EXERCISE AIM: Below is a block of records; reproduce all of them exactly and leave out any pictures.

INFORMATION SHOWN:
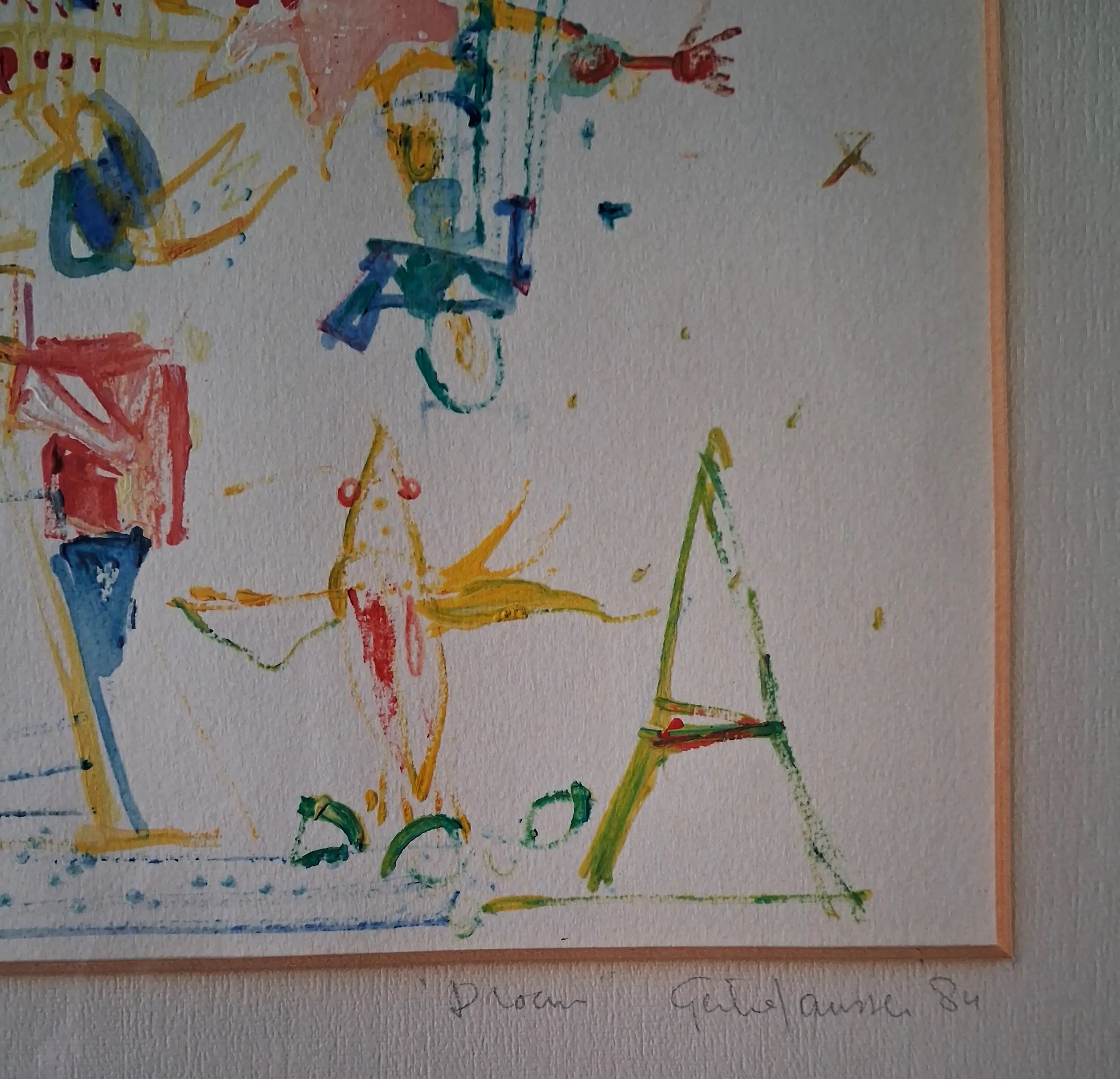 Prachtig, origineel kleurrijk, abstract werk van Gertie Janssen. Handgesigneerd Met smalle goudkleurige BARTH lijst en passepartout, ophangklaar!
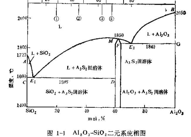 《铝硅系耐火材料》第一章中有段说Al2O3-SiO2相图的,并举例说“一硅砖含40%Al2O3,1595℃达到低共熔点时的液相量为50%左右”,弱弱的问一句,这50%左右的液相量是怎么计算出来的? 自己估算出来怎么是40%左右呢? 含Al2O3 40%,当温度升高到低共熔点,(65%-40%)/(65%-5.5%)=40%左右。 铝硅系相图 |
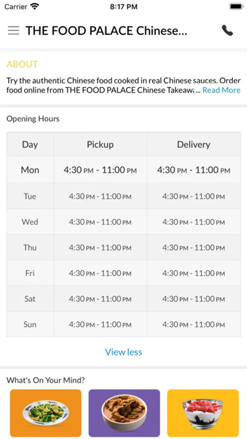 Order food online from THE FOOD PALACE Chinese Takeaway! It's so easy to use fast and convenient. Try our new online app which contains our entire takeaway menu. THE FOOD PALACE Chinese Takeaway is located in Thornaby.
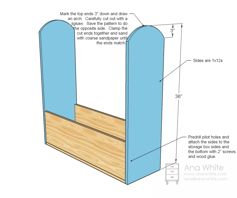 Sada je vreme da spojite glavne bočne strane garderobera (one sa lukovima) sa bazom. Postavite svaku bočnu stranu na ivicu baze, pazeći da su poravnate sa spoljnim ivicama baze. Ponovo, bušite pilot rupe kroz bočne strane baze u debljinu vertikalnih bočnih stranica. Koristite 2-inčne vijke i lepak za drvo za čvrsto spajanje. Preporučuje se da koristite 3-4 vijka po strani kako biste osigurali maksimalnu stabilnost. Proverite libelu da biste bili sigurni da su vertikalne stranice ravne pre nego što zategnete sve vijke do kraja.
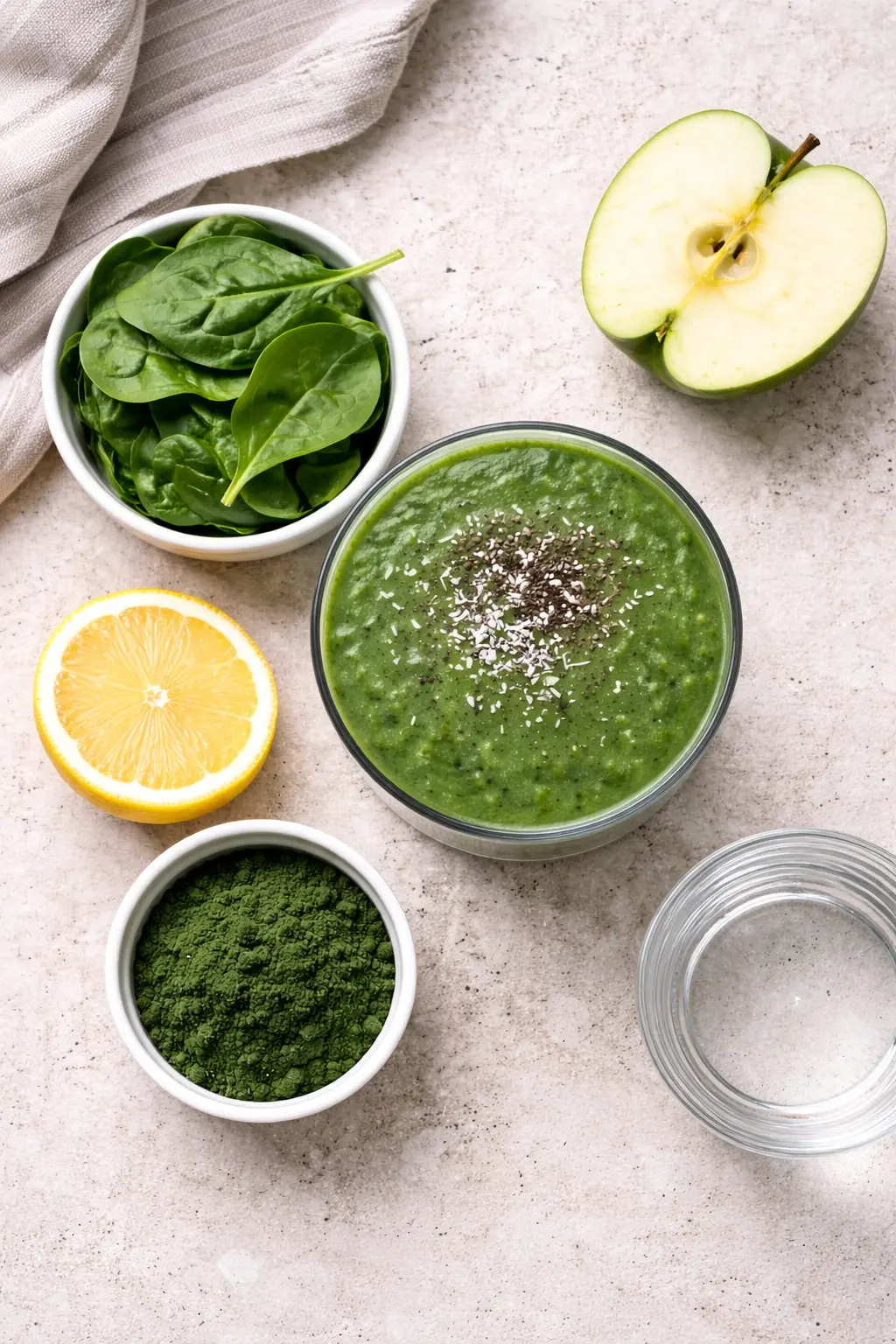 Grön Smoothie med Spirulina, Spenat och Äpple

YOUR SOLUTION:
 Prachtig, origineel kleurrijk, abstract werk van Gertie Janssen. Handgesigneerd Met smalle goudkleurige BARTH lijst en passepartout, ophangklaar!
 《铝硅系耐火材料》第一章中有段说Al2O3-SiO2相图的,并举例说“一硅砖含40%Al2O3,1595℃达到低共熔点时的液相量为50%左右”,弱弱的问一句,这50%左右的液相量是怎么计算出来的? 自己估算出来怎么是40%左右呢? 含Al2O3 40%,当温度升高到低共熔点,(65%-40%)/(65%-5.5%)=40%左右。 铝硅系相图 |
 Order food online from THE FOOD PALACE Chinese Takeaway! It's so easy to use fast and convenient. Try our new online app which contains our entire takeaway menu. THE FOOD PALACE Chinese Takeaway is located in Thornaby.
 Sada je vreme da spojite glavne bočne strane garderobera (one sa lukovima) sa bazom. Postavite svaku bočnu stranu na ivicu baze, pazeći da su poravnate sa spoljnim ivicama baze. Ponovo, bušite pilot rupe kroz bočne strane baze u debljinu vertikalnih bočnih stranica. Koristite 2-inčne vijke i lepak za drvo za čvrsto spajanje. Preporučuje se da koristite 3-4 vijka po strani kako biste osigurali maksimalnu stabilnost. Proverite libelu da biste bili sigurni da su vertikalne stranice ravne pre nego što zategnete sve vijke do kraja.
 Grön Smoothie med Spirulina, Spenat och Äpple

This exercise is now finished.